Akıl Yürütme Biçiminde Değişiklik Kazandırma Amacı
BDT temeliyle biliş (düşünce ve inançlar) ve davranış değişikliklerini hedefleyen bir terapi türüdür. Bu yüzden danışan, terapistin hangi alanlara ve hangi gerekçeyle müdahale etmeyi planladığını öğrenmelidir. Bu yüzden BDT seansları %50-%50 işbirliğini baz alır. Yani bu her iki tarafın da olabildiğince aktif olacağı anlamına gelir. Bilişsel Davranışçı Terapist pasif bir dinleyici rolünde değildir, aşırı konuşarak ders verir gibi de yaklaşmaz ya da kendi düşüncelerini danışana aktarmaya çalışmaz. Danışan ve terapist işbirliği içerisinde bir sorun alanı belirler ve o sorunun temelinde yatan problemler üzerine tartışmalar yürütür. Danışan, terapistin uyguladığı teknikleri de anlamalıdır. Bu anlayış danışana karşısına çıkan benzer sorunlarda kendisine yararlı olan stratejileri belirleme yetisi kazandırır.

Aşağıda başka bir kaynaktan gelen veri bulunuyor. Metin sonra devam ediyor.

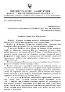 Активним, динамічним, завзятим і багатим на різноманітні спортивні події видався 2023-2024 навчальний рік. Свідченням цього є участь здобувачів освіти, батьків і викладачів у різноманітних фізкультурно-оздоровчих заходах, проєктах, спортивних змаганнях і турнірах. Але справжнім випробуванням сил і гарним стимулом до нових досягнень стала участь збірних команд коледжу у змаганнях Спортивних ігор із волейболу, баскетболу 3х3, мініфутболу, настільного тенісу, шахів. Крім того, наш коледж став спортивною базою для проведення зональних і обласних змагань Спортивних ігор Полтавщини із різних видів спорту серед студентської молоді ЗФПО. Голова Комітету із фізичного виховання і спорту МОН України Вадим СТЕЦЕНКО висловлює подяку директору Обласного коледжу “Кременчуцька гуманітарно-технологічна академія імені А.С.Макаренка” Лесі КРУПІНІЙ за сприяння розвитку фізичної культури та спорту в закладі освіти й залучення студентської молоді до рухової активності.

BDT seans içinde konuşulanların uygulamaya dökülmesini gerektirir. Ancak bu şekilde üzerinde konuşulanların kalıcı olmasının yolu açılabilir. Bu yüzden her seansın sonunda beraber bir uygulama planlanır. Bu uygulamanın planlanması için yine işbirliği kurulması ön plana çıkar. Danışan ve terapist uygulamayı en kolay hale getirmek ve uygulamanın önündeki engelleri ortadan kaldırmak için olabildiğince net olmaya çabalar. Bu uygulamalar bazen kayıt tutmak gibi yazılı olurken, bazen farklı davranış türlerinin denenmesini, korkulan durumlara maruz kalınmasını ya da tetikleyiciyle karşılaşıldığında dikkatin olduğundan farklı bir biçimde odaklanmasını içerebilir.
Nüks Önleme
Yapılan araştırmalara göre Bilişsel Davranışçı Terapi (BDT) problemin tekrar ortaya çıkmasını önleme konusunda diğer yaklaşımlara göre daha etkilidir. BDT’yi popüler yapan özelliği de budur. Sorun çoğu zaman geçici olarak çözülebilir ancak sıkıntıların tekrar ortaya çıkması durumunda danışanın tam olarak ne yapması gerektiği konusunda bilgi sahibi olması işini oldukça kolaylaştırır. BDT, bu amaca yönelik olarak danışanı sorun karşısında eğitmeyi amaçlar ve kazanımlarının kalıcı olduğundan emin olmak ister. Eğer yeterli değişikliğe ulaşıldıysa danışanın düşünce yapısında daha gerçekçi, daha işlevsel ve daha yararlı inanç örüntülerinin yerleştiği fark edilebilir.